Sorry to hear about your squid trouble. I have never used it but it's still on my todo list.
I don't know why everyone thinks that when it is not the truth. We use self-signed certificates at work. I never see any messy dialogs when I connect. (Well, that's not entirely true, I never see any for the engineering servers. The IT department installed one for the webmail server and that one gives a messy prompt every time anyone tries to use it, fortunately needing to use it is a rare thing for me.)
For others who may stumble upon this, you just need to:
Re:Self-signed Certificates
grantm on 2007-05-15T20:20:50
Yes exactly, it's step 2 that's the issue. Given that the target audience have already imported the CACert authority into their browser we can skip step 2 for any more site we set up.
Although to be fair, my bad experience of self-signed certs is the case where the domain name doesn't match and the cert has expired.
Re:Self-signed Certificates
Mr. Muskrat on 2007-05-15T20:36:59
CA signed certificates are preferred but we use self-signed at the moment because we didn't want to pay out the wazoo and then have to wait a while to get a cert from a CA. When we ship our system, we include instructions on where to find the cert and how to install it in both IE and Firefox.
CACert looks interesting. I'm gonna check that out.
Varnish is a single-purpose proxy so it gives you many fewer knobs to twiddle than Squid. And rather than explicitly putting each object on disk as a separate file (which spins the filesystem driver and works at cross purposes with the kernel VMM which has its own ideas of what to swap to disk and when), it just keeps everything in mmap
ped virtual memory backed by a single huge file (and lets the kernel figure out the rest).
Re:Apache should be fine
grantm on 2007-05-15T19:15:15
The processes on the front-end server will be very light and you should be able to run hundreds of themWe were running hundreds of Apache processes. To cope with the number of connections we were seeing, we need to run hundreds more.
Re:Apache should be fine
perrin on 2007-05-15T19:43:27
If you compile it without modules that you aren't using, the unshared size of an apache process is typically around 100K. That means 1000 of them in 100MB of RAM. The worker MPM should make this even less of an issue.
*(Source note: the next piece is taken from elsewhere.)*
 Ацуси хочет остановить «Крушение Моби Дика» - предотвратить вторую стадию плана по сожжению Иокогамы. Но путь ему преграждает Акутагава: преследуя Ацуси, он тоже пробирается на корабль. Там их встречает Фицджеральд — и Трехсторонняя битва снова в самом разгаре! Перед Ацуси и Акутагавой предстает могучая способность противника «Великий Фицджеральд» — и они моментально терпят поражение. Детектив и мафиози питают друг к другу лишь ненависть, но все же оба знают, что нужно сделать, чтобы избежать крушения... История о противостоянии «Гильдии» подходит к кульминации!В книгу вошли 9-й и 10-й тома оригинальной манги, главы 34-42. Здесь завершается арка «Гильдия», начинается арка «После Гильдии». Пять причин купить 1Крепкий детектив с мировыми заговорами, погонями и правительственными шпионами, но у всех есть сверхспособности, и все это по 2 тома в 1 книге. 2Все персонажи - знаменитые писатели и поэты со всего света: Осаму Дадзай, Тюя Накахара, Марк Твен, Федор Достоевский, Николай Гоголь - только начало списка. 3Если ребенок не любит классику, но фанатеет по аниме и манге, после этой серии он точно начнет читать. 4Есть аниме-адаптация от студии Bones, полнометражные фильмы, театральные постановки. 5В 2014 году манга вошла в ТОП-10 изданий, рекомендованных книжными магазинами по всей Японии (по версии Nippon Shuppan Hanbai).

Just keep it in mind if you can't get Squid to do what you want.
Re:Waves of HTTP connections with no request
grantm on 2007-10-11T07:52:58
No, we never established what was causing it. The connections always seemed to be come from machines that had previously browsed the site with IE.
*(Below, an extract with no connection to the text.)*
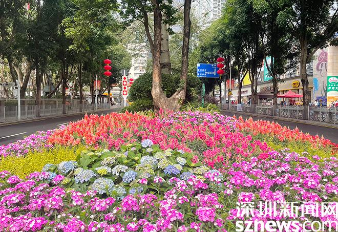 临近春节,盐田道路边的绿化带开始换上“新装”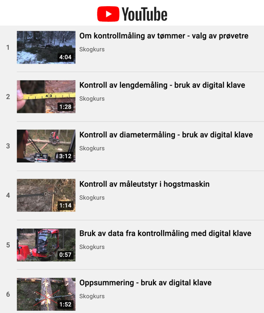 Denne spillelisten inneholder 6 kortfilmer om ulike trinn i kontrollmåling av tømmer med digital klave. Filmene er produsert i et samarbeid mellom Skogkurs og Skogforsk i Sverige.

We first noticed the problem when we added a page which embedded a map component served from another site. The map component was supplied to us under a commercial arrangement but I'm pretty sure it used ka-Map. This is an AJAXy thing with mouse events triggering requests for images tiles as the map is panned and zoomed. In theory though, all those requests should be going direct to the other site.
Of course since no request was ever sent it's very hard to tell if it has anything to do with the map page. Even if it is related to the map, a browser wouldn't typically open more than two parallel connections to the same server so 100 suggests a browser bug to me.
It's also tempting to blame it on bots - no evidence for that though.